Support shuffle data replica?

Tencent / Firestorm

Firestorm is a Remote Shuffle Service, and provides the capability for Apache Spark and Apache Hadoop MapReduce applications to store shuffle data on remote servers

Other

252 stars 72 forks source link

Support shuffle data replica? #181

Closed zuston closed 2 years ago

zuston commented 2 years ago

Thanks for your great work on it.

I have a question that I dont see any info about data replica support in README or other doc. But i see the config in codebase.

So the data replica is stable feature in firestorm?

zuston commented 2 years ago

And what's the difference of the config of data-replica and data-replica-writer ?

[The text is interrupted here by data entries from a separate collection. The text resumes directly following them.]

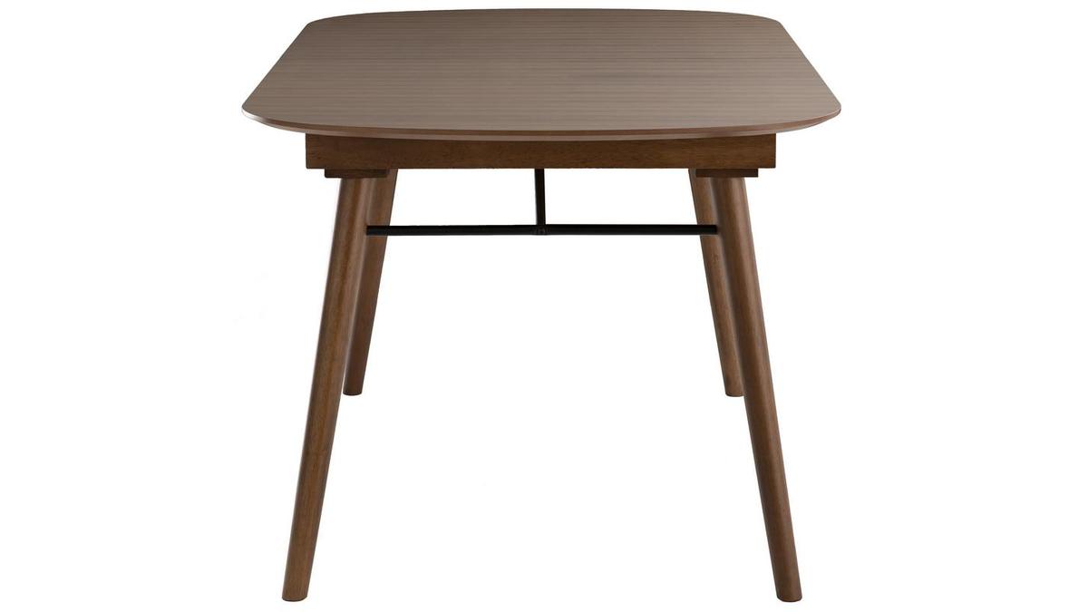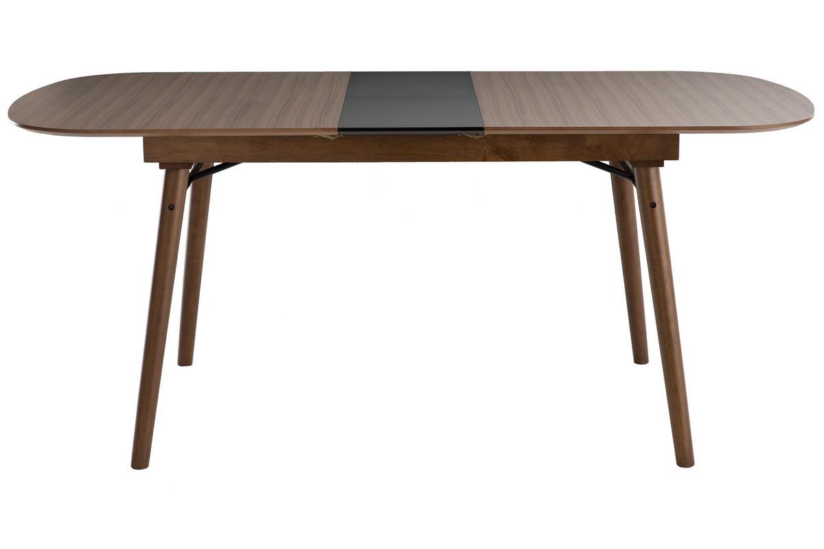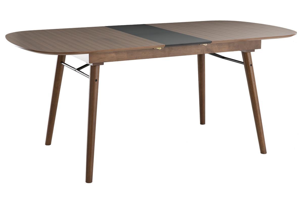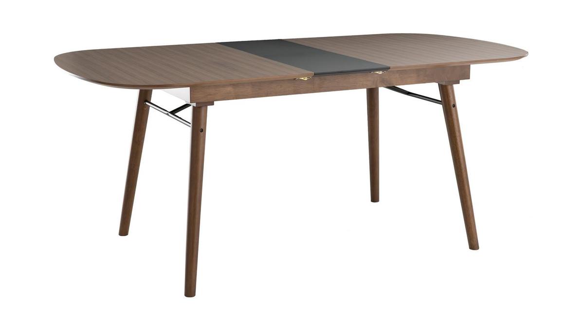 Table extensible rallonges intégrées rectangulaire en bois foncé noyer L150-180 cm SHELDON livrée prête à assembler.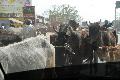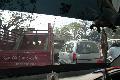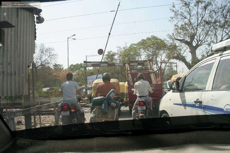 Puis, tout à coup, bouchon : un accident, une manif ? Rien de tout cela : simplement un passage à niveau fermé. Et là, surprise : une myriade de marchants ambulants sortent de nul-part à l'assaut des voitures arrêtées, parfois avec des charrettes (car contrairement aux autres bouchons auxquels nous avons été confrontés, les voitures ne sont pas les unes sur les autres). Mes collègues en profitent pour acheter quelques fruits frais ; rafraichissant. Nous découvrirons aussi de l'autre côté du passage à niveau pleins de petites échoppes construites sur le bord de la route : visiblement, c'est un bon coin pour l'artisanat local.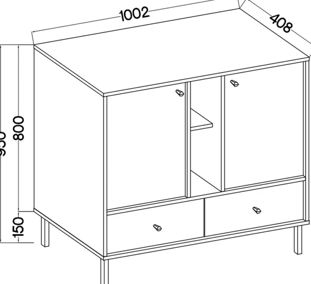 Stabilność i trwałość komody zapewniają metalowe nóżki o wysokości 15 cm. Dzięki nim mebel nie tylko wygląda elegancko, ale jest także łatwy do czyszczenia pod spodem. Metalowe uchwyty dodają komodzie nowoczesnego wyglądu i są wygodne w użytkowaniu, zapewniając jednocześnie wytrzymałość na lata.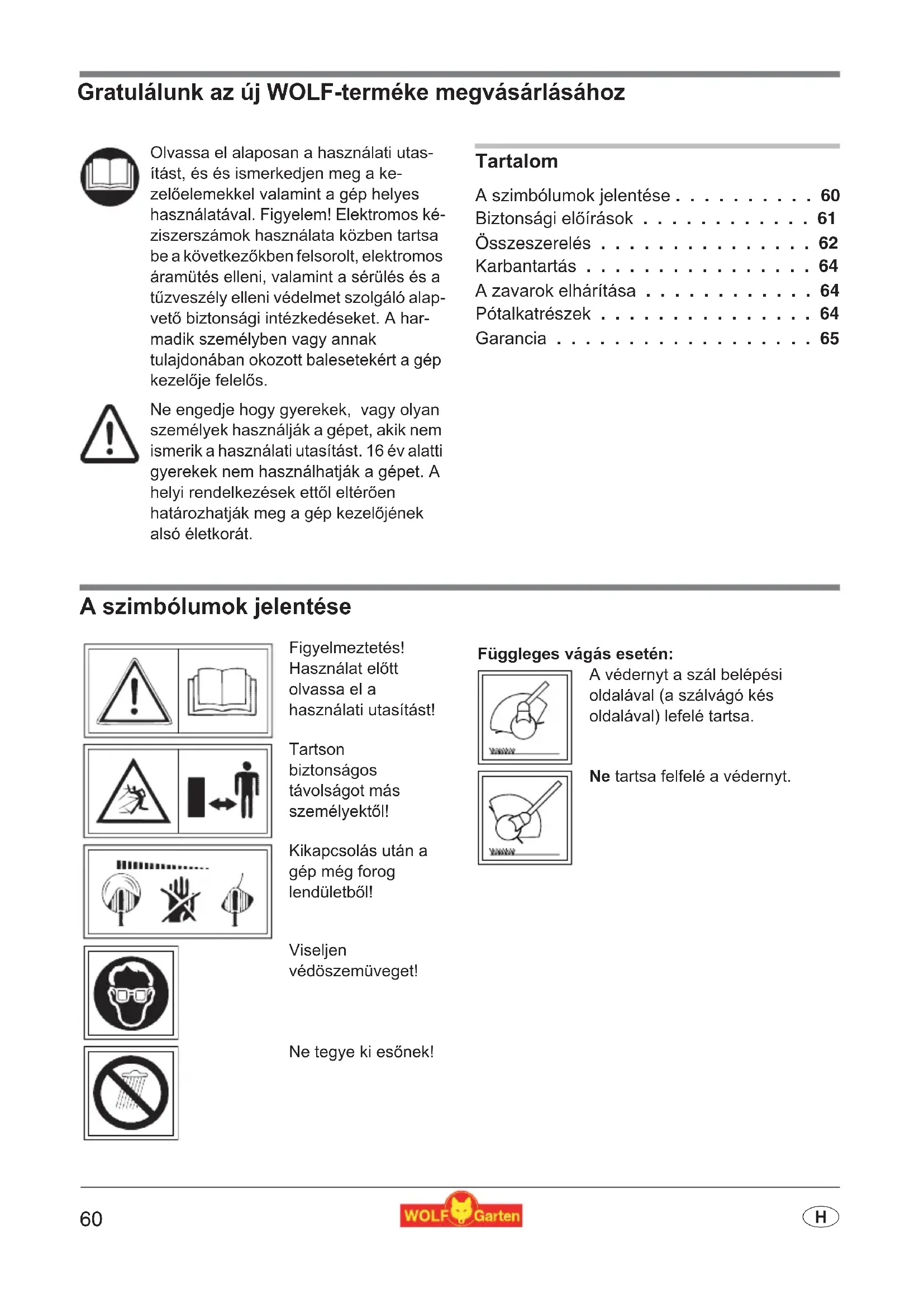 - H Gratulálunk az új WOLF-terméke megvásárlásához Tartalom A szimbólumok jelentése p. 60

frankliee commented 2 years ago

These configs are come from quorum protocol. rss.data.replica is default replica number of partition. rss.data.replica.write is the minimum replica that writer should write metadata and data successfully. rss.data.replica.read is the minimum replica that reader should read metadata successfully (data can read from only one replica). The recommended values are (1,1,1) and (3,2,2), This feature has been developed completely, but production environment only applies (1,1,1) to reduce rpc/memory cost.

zuston commented 2 years ago

Thanks for your explanation @frankliee.

So the data replica will be supported through client pushing instead of shuffle server.

frankliee commented 2 years ago

Thanks for your explanation @frankliee.

So the data replica will be supported through client pushing instead of shuffle server.

Yes, its client-side feature.

zuston commented 2 years ago

Thanks again. @frankliee

Close it.